PROBLEM STATEMENT
All of the data, except its images, should be set down exactly as it appears.

DATA EXTRACT
--------

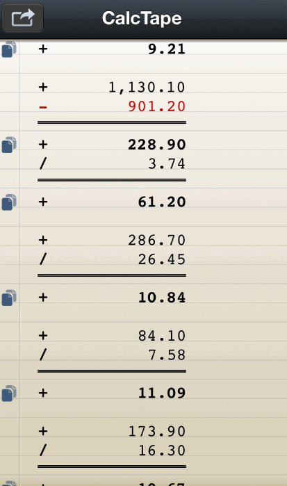 また、全く関係ない計算を新たに始めたい場合は、イコールボタンを2回タップすると、空白行が挿入され、新たな計算を始めることが出来ます。
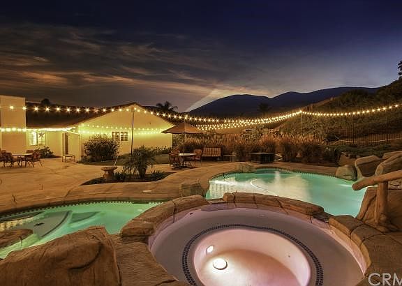 Highly desirable single-story pool home on an over-sized, nearly half-acre, lot. This residence was remodeled and expanded in 2007. Large eat-in kitchen with granite counter tops, center island, and custom wood cabinetry. The family room with fireplace is open to the kitchen. Large dining room area with tray ceiling and custom accent lighting. The master suite is generous in size with vaulted ceilings and a walk-in closet. The sophisticated master bath is complete with dual sinks, a jetted tub and sizable separate shower with rainfall shower head feature. Three additional guest bedrooms, one with its own private bath. The resort-like grounds are sure to impress with an enormous outdoor kitchen, 4-hole putting green, and yards of string lights draped throughout the idyllic setting. The swimming pool is the personification of resort-style living with two water slides, numerous waterfalls, and color-changing lights. The yard is the epitome of outdoor entertaining. Quiet cul-de-sac location which is close to award-wining schools and world-class beaches. Enjoy the miles of local hiking trails to experience California living at its finest.
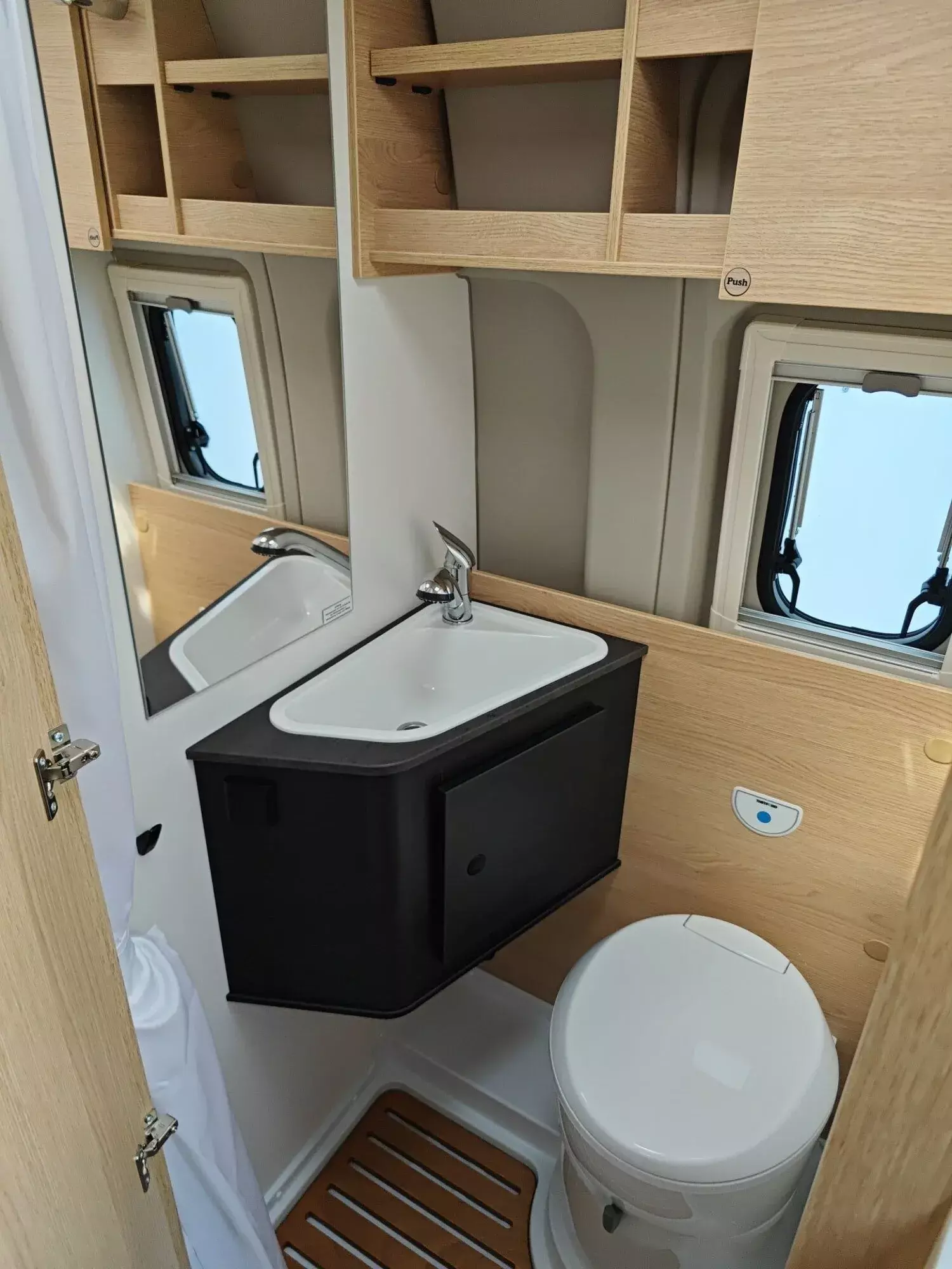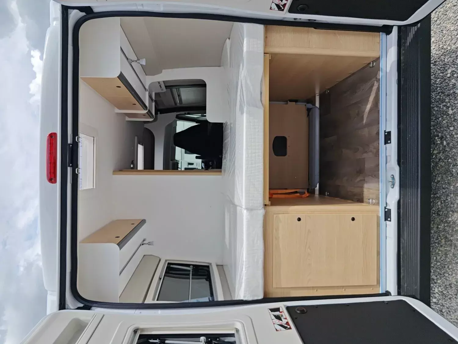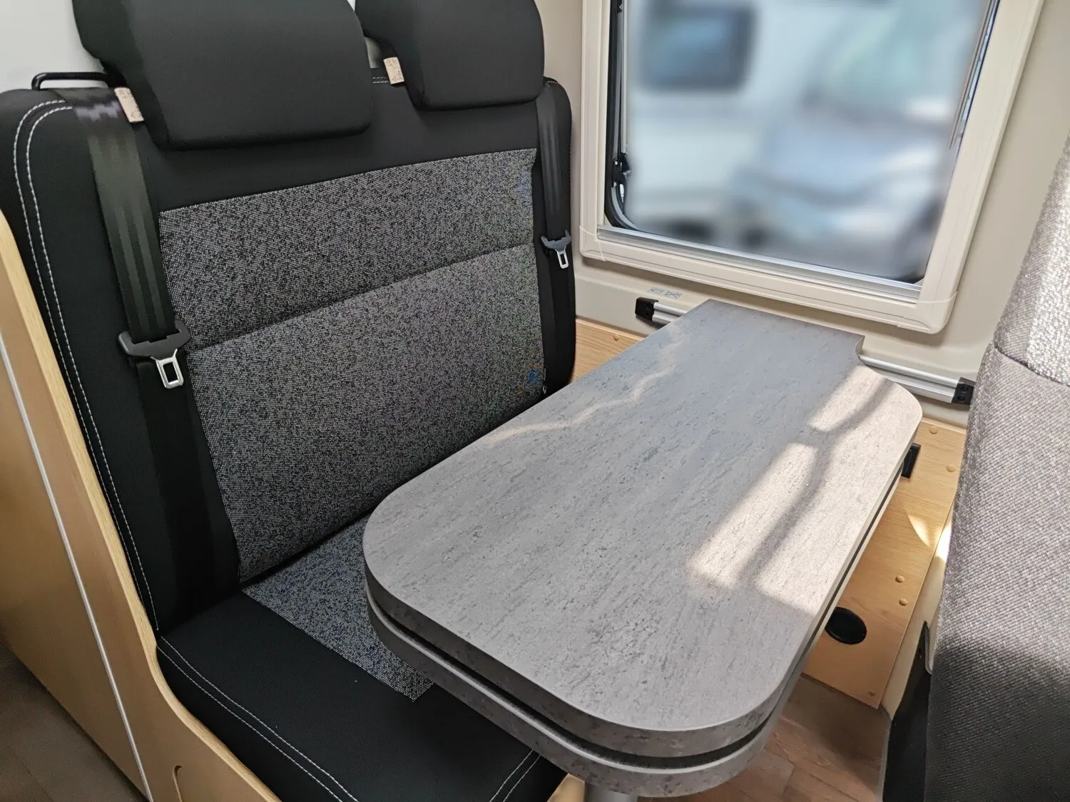 - Basic Paket (Panoramadachhaube 70 x 50 cm, Duschausstattung, Fenster im Bad, Kleiderstange in der Nasszelle, Breite Einstiegsstufe, Drehplatte für Tischerweiterung an der Sitzgruppe)

--------

RESPONSE TO THE TASK
 また、全く関係ない計算を新たに始めたい場合は、イコールボタンを2回タップすると、空白行が挿入され、新たな計算を始めることが出来ます。
 Highly desirable single-story pool home on an over-sized, nearly half-acre, lot. This residence was remodeled and expanded in 2007. Large eat-in kitchen with granite counter tops, center island, and custom wood cabinetry. The family room with fireplace is open to the kitchen. Large dining room area with tray ceiling and custom accent lighting. The master suite is generous in size with vaulted ceilings and a walk-in closet. The sophisticated master bath is complete with dual sinks, a jetted tub and sizable separate shower with rainfall shower head feature. Three additional guest bedrooms, one with its own private bath. The resort-like grounds are sure to impress with an enormous outdoor kitchen, 4-hole putting green, and yards of string lights draped throughout the idyllic setting. The swimming pool is the personification of resort-style living with two water slides, numerous waterfalls, and color-changing lights. The yard is the epitome of outdoor entertaining. Quiet cul-de-sac location which is close to award-wining schools and world-class beaches. Enjoy the miles of local hiking trails to experience California living at its finest.
 - Basic Paket (Panoramadachhaube 70 x 50 cm, Duschausstattung, Fenster im Bad, Kleiderstange in der Nasszelle, Breite Einstiegsstufe, Drehplatte für Tischerweiterung an der Sitzgruppe)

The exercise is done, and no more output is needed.